Work to be completed »
Below is a listing with pictures in it; transcribe exactly the lines from the one that has "Figure: Awareness program by NSS students" through the one that has "The Tuoi Vallee", and omit those pictures.

Provided data »
= = = =

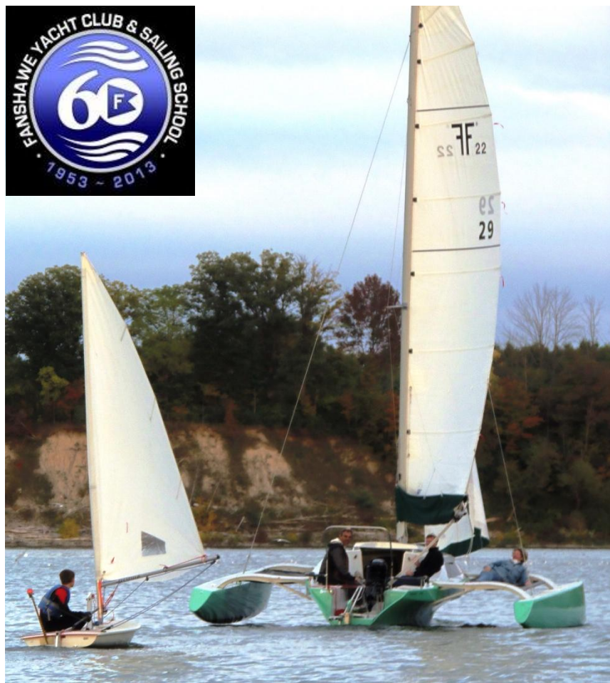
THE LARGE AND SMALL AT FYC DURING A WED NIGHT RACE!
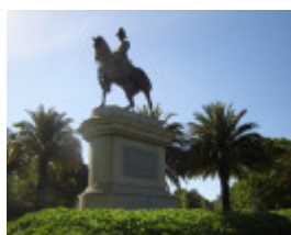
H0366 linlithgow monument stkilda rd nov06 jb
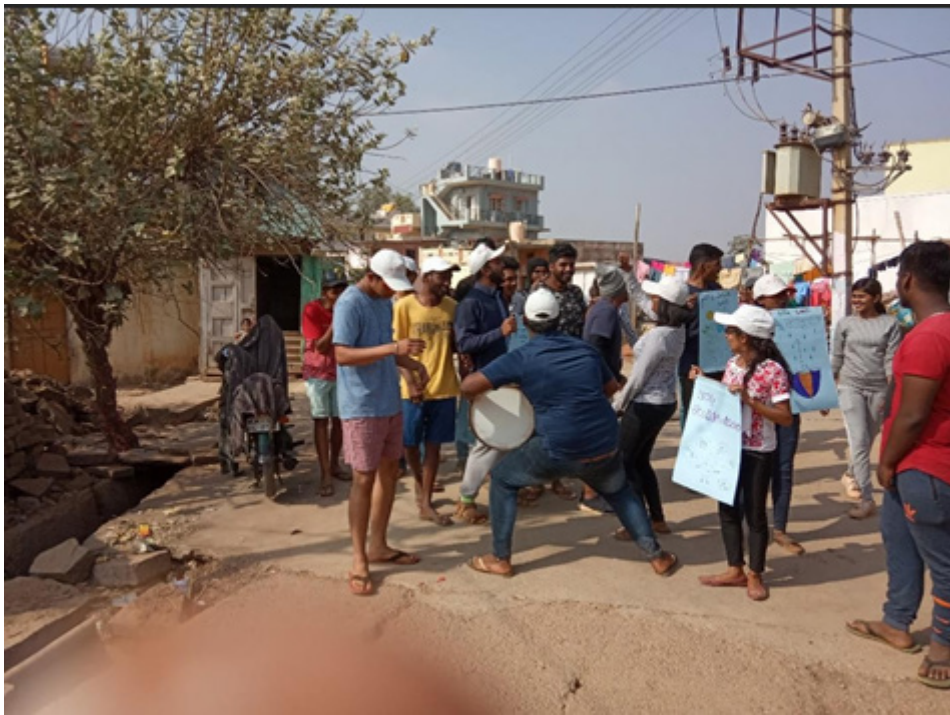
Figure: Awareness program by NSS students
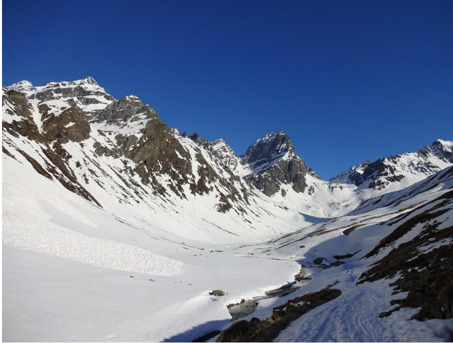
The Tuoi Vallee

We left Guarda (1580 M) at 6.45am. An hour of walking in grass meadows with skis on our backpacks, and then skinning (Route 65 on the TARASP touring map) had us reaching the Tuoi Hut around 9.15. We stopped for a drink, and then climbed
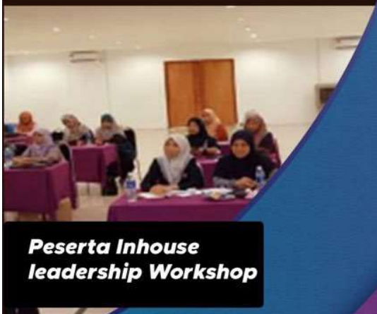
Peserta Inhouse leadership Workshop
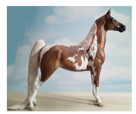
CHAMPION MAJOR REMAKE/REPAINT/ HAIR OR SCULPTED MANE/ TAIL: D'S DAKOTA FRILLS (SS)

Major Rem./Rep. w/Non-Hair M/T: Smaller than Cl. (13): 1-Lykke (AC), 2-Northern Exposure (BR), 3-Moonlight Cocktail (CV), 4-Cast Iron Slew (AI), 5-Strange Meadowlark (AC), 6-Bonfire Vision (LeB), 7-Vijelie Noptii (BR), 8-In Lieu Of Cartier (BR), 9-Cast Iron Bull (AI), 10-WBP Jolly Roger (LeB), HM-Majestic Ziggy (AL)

= = = =

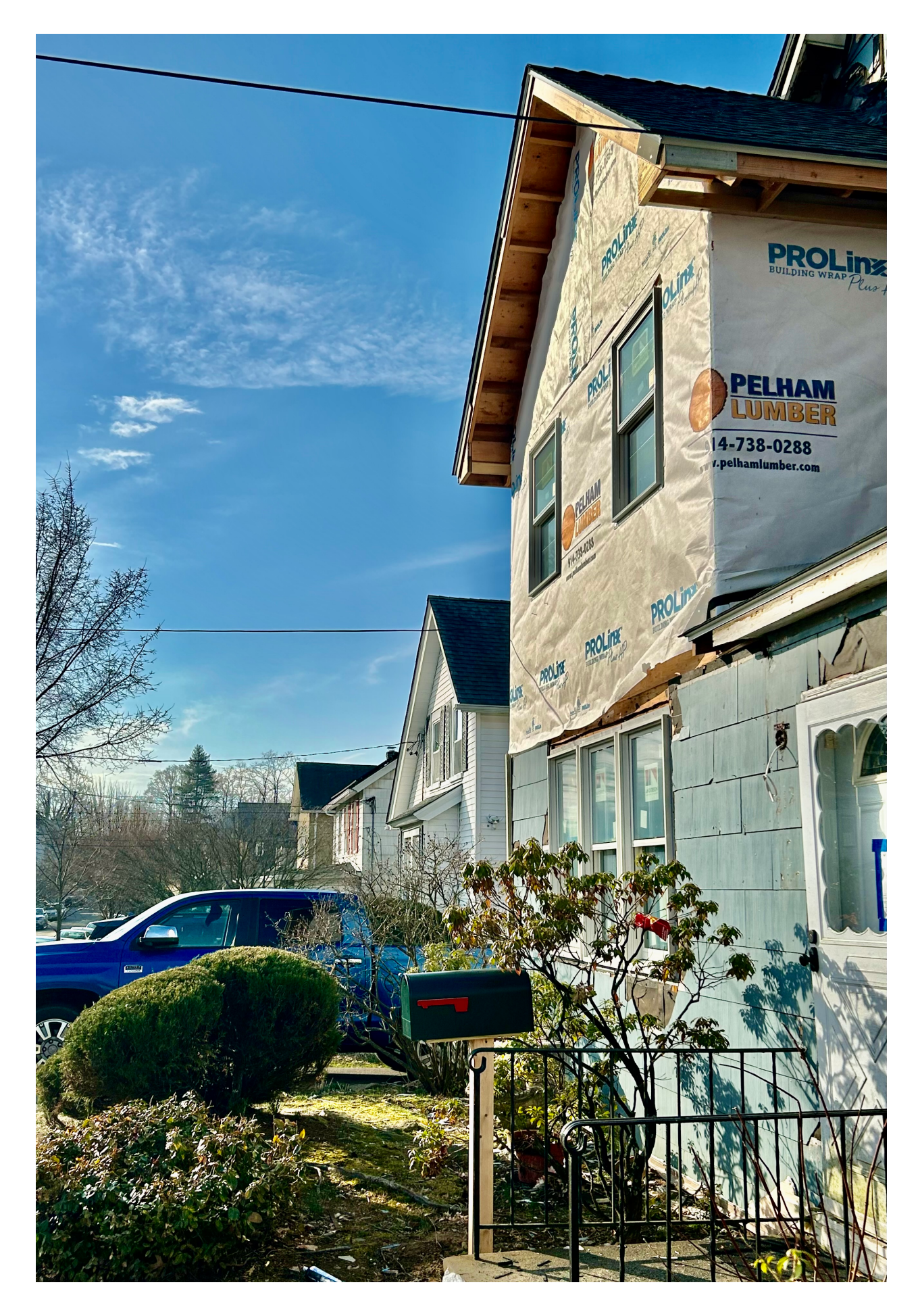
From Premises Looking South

= = = =

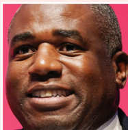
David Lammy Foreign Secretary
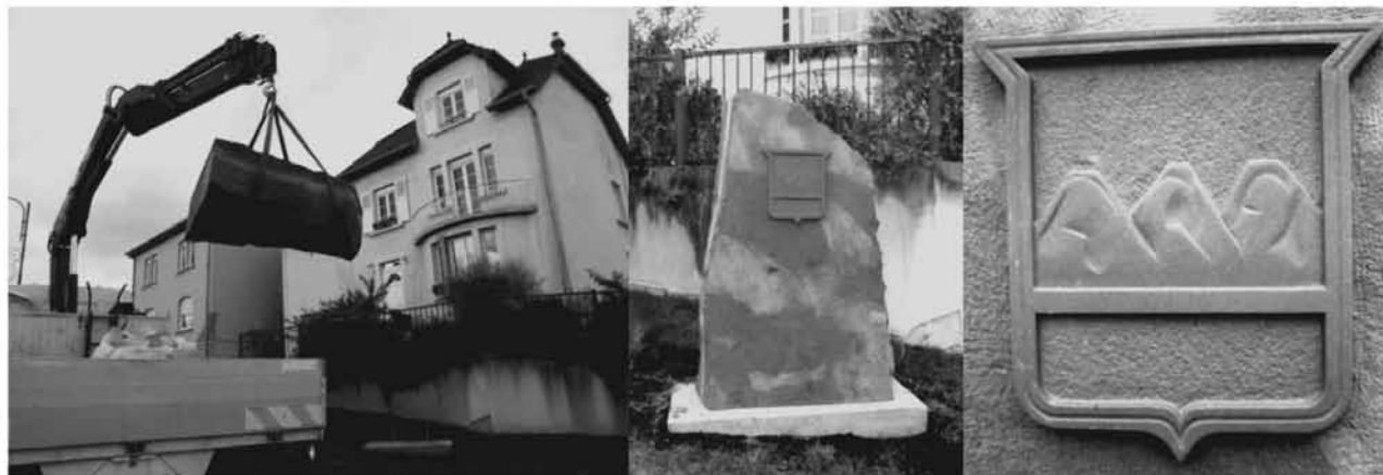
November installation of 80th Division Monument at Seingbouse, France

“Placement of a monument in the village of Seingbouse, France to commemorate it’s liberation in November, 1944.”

= = = =

Answer to this task »
Figure: Awareness program by NSS students
The Tuoi Vallee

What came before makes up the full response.